_The task_.
Both ends included, set down the lines from the line containing "6、接着等待一段时间就可以看看车辆有没有竞拍上,点击我的,点击试单查询;" through the last line of the records below, without pictures.
((
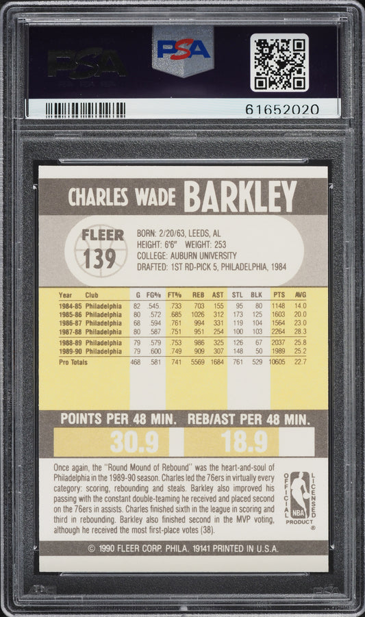 1990 FLEER BASKETBALL CHARLES BARKLEY #139 PSA 9 MINT
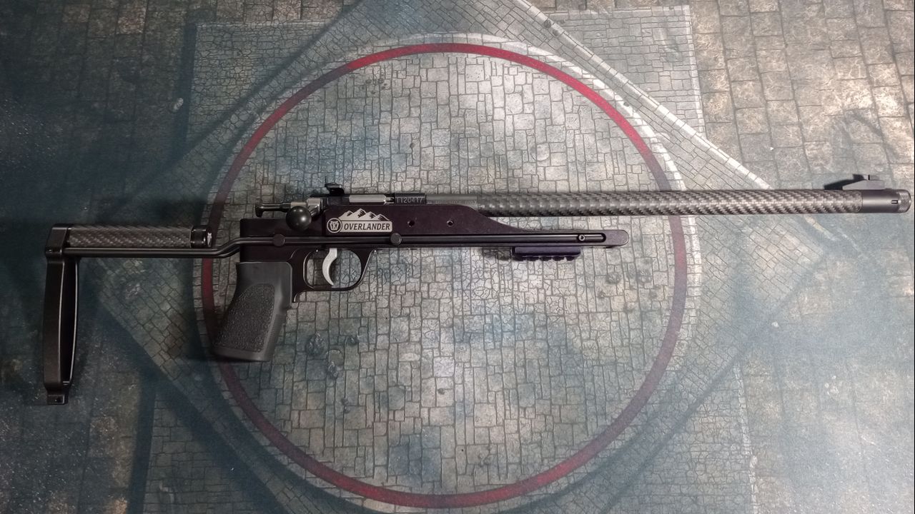 The light, carbon fiber wrapped barrel, free floated “handguard”, pistol grip, and collapsible buttstock lend the Overlander an exotic look.
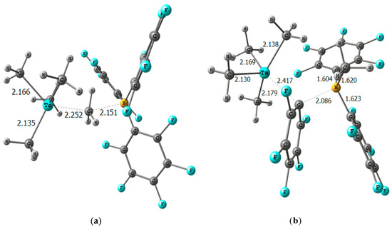 Transition states for (a) the demethylation of TaMe5 by B(C6F5)3 and (b) (C6F5)− transfer from B(Me)(C6F5)3− to TaMe4+, main distances are shown in Å.
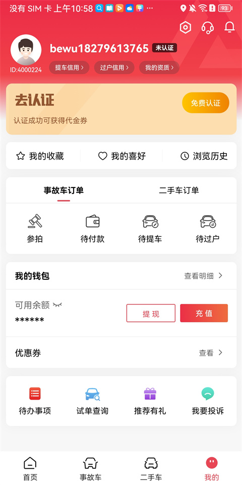 6、接着等待一段时间就可以看看车辆有没有竞拍上,点击我的,点击试单查询;
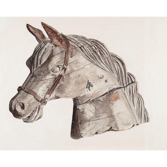Carousel Horses Head 1931 Gold Ornate Wood Framed Art Print with Double Matting by Barnett, Gerard
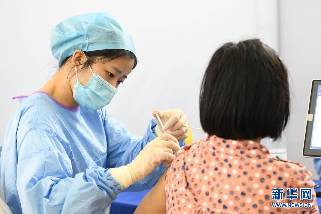 5月15日,在合肥市蜀山区奥体中心方舱接种点,市民(右)在接种新冠疫苗。
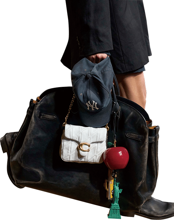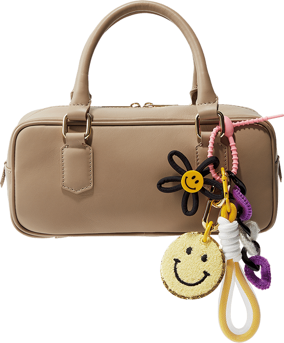 チャームは遊びがあるデザインを。バッグ[H13×W27×D12㎝]¥19,800(ミロス/ル タロン 有楽町マルイ店)、スマイルチャーム¥1,595(selectshop yolo)
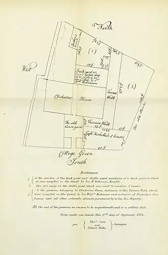 Following his death in 1625, the house passed to his brother Edward Chichester, 1st Viscount Chichester who in turn sold it to Sir Edward Smyth. It was Smyth who soon after leased the property to Edward Parry as his home.
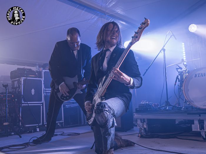 Pero si hubo un corte que me agradó sobremanera el sábado, ese fue “Crawling Knights”. El inicio tranquilo. El gran trabajo de guitarras que George Dee y Phil The Pain ofrecen después. Todo a bordo de un sonido tan cristalino como potente, cómo crujía el bendito Rickenbaker aquí, donde fue quedando la sensación de que estamos ante una banda llamada a hacer grandes cosas. Lo cierto es que la gente se arrancó por palmas en “Halftones To Eternity”. Y la pareja guitarrera de The Wizards respondió doblándose con una seguridad y un feeling por poco inconmensurables. Era el tramo final del set y Mason, ya descamisado, se vaciaría en consecuencia.
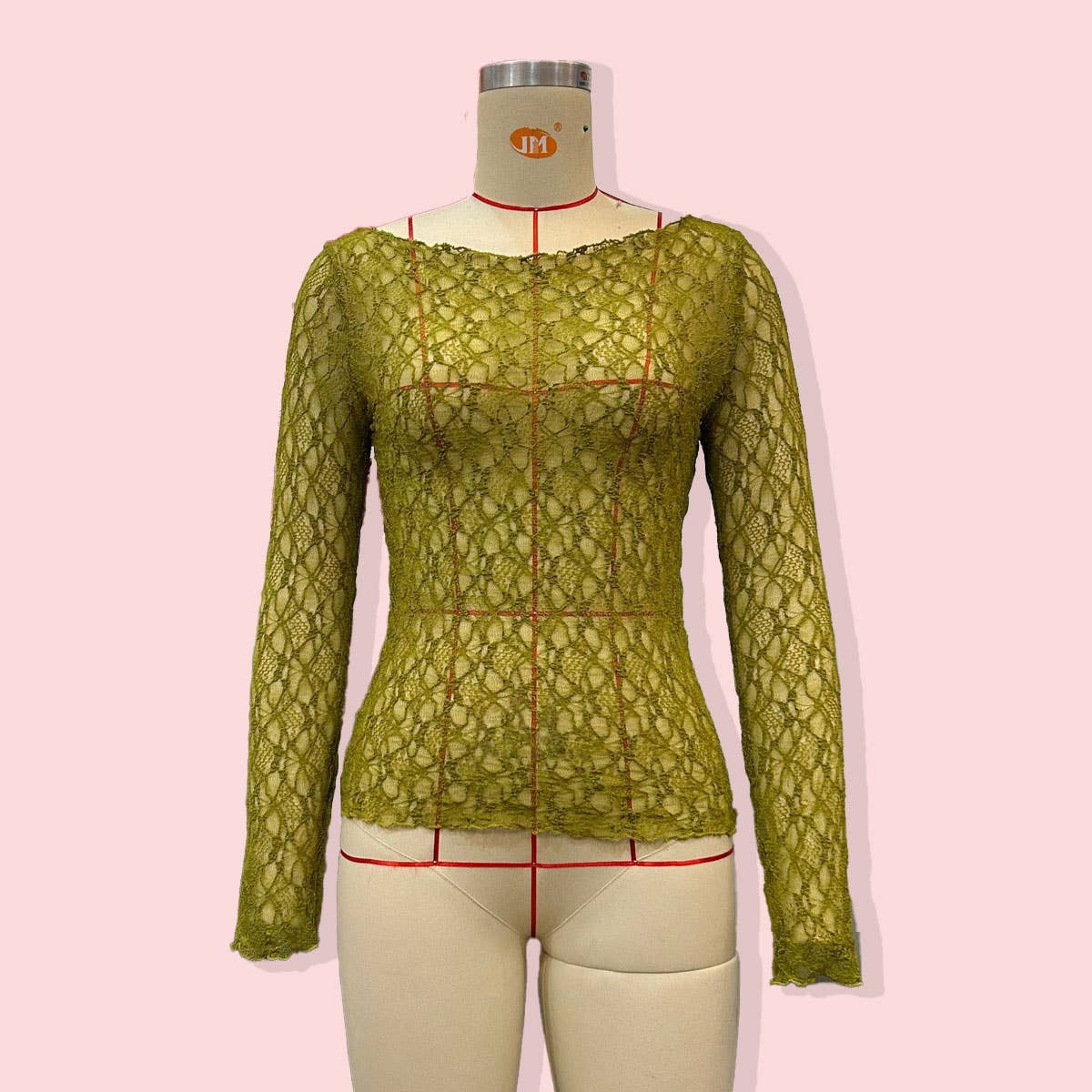 SEMI SHEER MESH LACE T SHIRT SLIM FIT CROPPED TOP_CWTBLL2661
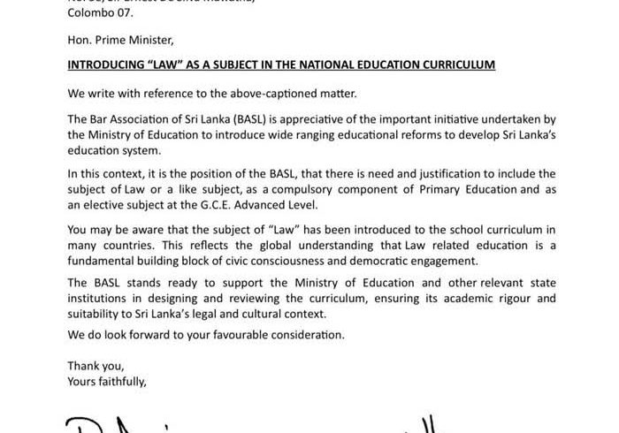 கல்வி அமைச்சர் ஹரிணி அமரசூரியவிற்கு அனுப்பிய கடிதத்தில், ஆரம்பக் கல்வியில் ‘சட்டம்’ அல்லது அதுபோன்ற ஒரு பாடத்தை கட்டாயப் பகுதியாகவும், உயர்தரத்தில் ஒரு விருப்பத் தெரிவுப் பாடமாகவும் சேர்ப்பதற்கான தேவை மற்றும் நியாயம் இருப்பதாக BASL தெரிவித்துள்ளது.
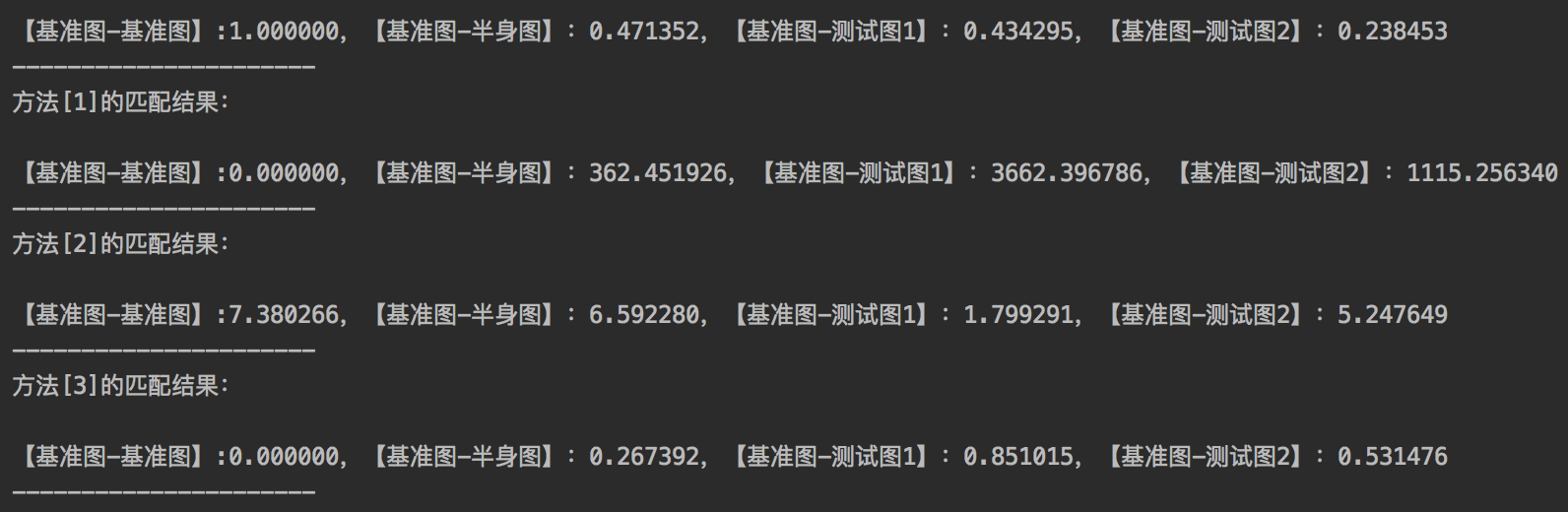 printf("方法[%d]的匹配结果:nn【基准图-基准图】:%f,【基准图-半身图】:%f,【基准图-测试图1】:%f,【基准图-测试图2】:%fn----------------------n",
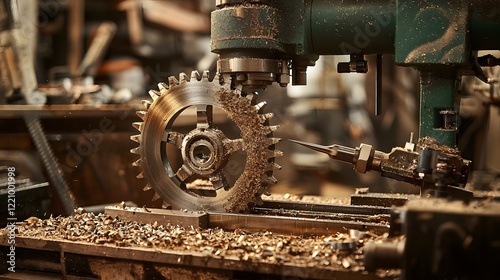 Industrial Gearwheel Shaping with Advanced CNC Machinery in Clean Workshop Environment
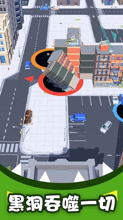 1、主要操作通过触屏拖拽实现,玩家需要精确控制黑洞的移动路径,利用其吸力吸附路途中的车辆、树木等物体,同时避开那些无法吞噬的大障碍物。
))
_Response area_.
 6、接着等待一段时间就可以看看车辆有没有竞拍上,点击我的,点击试单查询;
Carousel Horses Head 1931 Gold Ornate Wood Framed Art Print with Double Matting by Barnett, Gerard
 5月15日,在合肥市蜀山区奥体中心方舱接种点,市民(右)在接种新冠疫苗。
 チャームは遊びがあるデザインを。バッグ[H13×W27×D12㎝]¥19,800(ミロス/ル タロン 有楽町マルイ店)、スマイルチャーム¥1,595(selectshop yolo)
 Following his death in 1625, the house passed to his brother Edward Chichester, 1st Viscount Chichester who in turn sold it to Sir Edward Smyth. It was Smyth who soon after leased the property to Edward Parry as his home.
 Pero si hubo un corte que me agradó sobremanera el sábado, ese fue “Crawling Knights”. El inicio tranquilo. El gran trabajo de guitarras que George Dee y Phil The Pain ofrecen después. Todo a bordo de un sonido tan cristalino como potente, cómo crujía el bendito Rickenbaker aquí, donde fue quedando la sensación de que estamos ante una banda llamada a hacer grandes cosas. Lo cierto es que la gente se arrancó por palmas en “Halftones To Eternity”. Y la pareja guitarrera de The Wizards respondió doblándose con una seguridad y un feeling por poco inconmensurables. Era el tramo final del set y Mason, ya descamisado, se vaciaría en consecuencia.
 SEMI SHEER MESH LACE T SHIRT SLIM FIT CROPPED TOP_CWTBLL2661
 கல்வி அமைச்சர் ஹரிணி அமரசூரியவிற்கு அனுப்பிய கடிதத்தில், ஆரம்பக் கல்வியில் ‘சட்டம்’ அல்லது அதுபோன்ற ஒரு பாடத்தை கட்டாயப் பகுதியாகவும், உயர்தரத்தில் ஒரு விருப்பத் தெரிவுப் பாடமாகவும் சேர்ப்பதற்கான தேவை மற்றும் நியாயம் இருப்பதாக BASL தெரிவித்துள்ளது.
 printf("方法[%d]的匹配结果:nn【基准图-基准图】:%f,【基准图-半身图】:%f,【基准图-测试图1】:%f,【基准图-测试图2】:%fn----------------------n",
 Industrial Gearwheel Shaping with Advanced CNC Machinery in Clean Workshop Environment
 1、主要操作通过触屏拖拽实现,玩家需要精确控制黑洞的移动路径,利用其吸力吸附路途中的车辆、树木等物体,同时避开那些无法吞噬的大障碍物。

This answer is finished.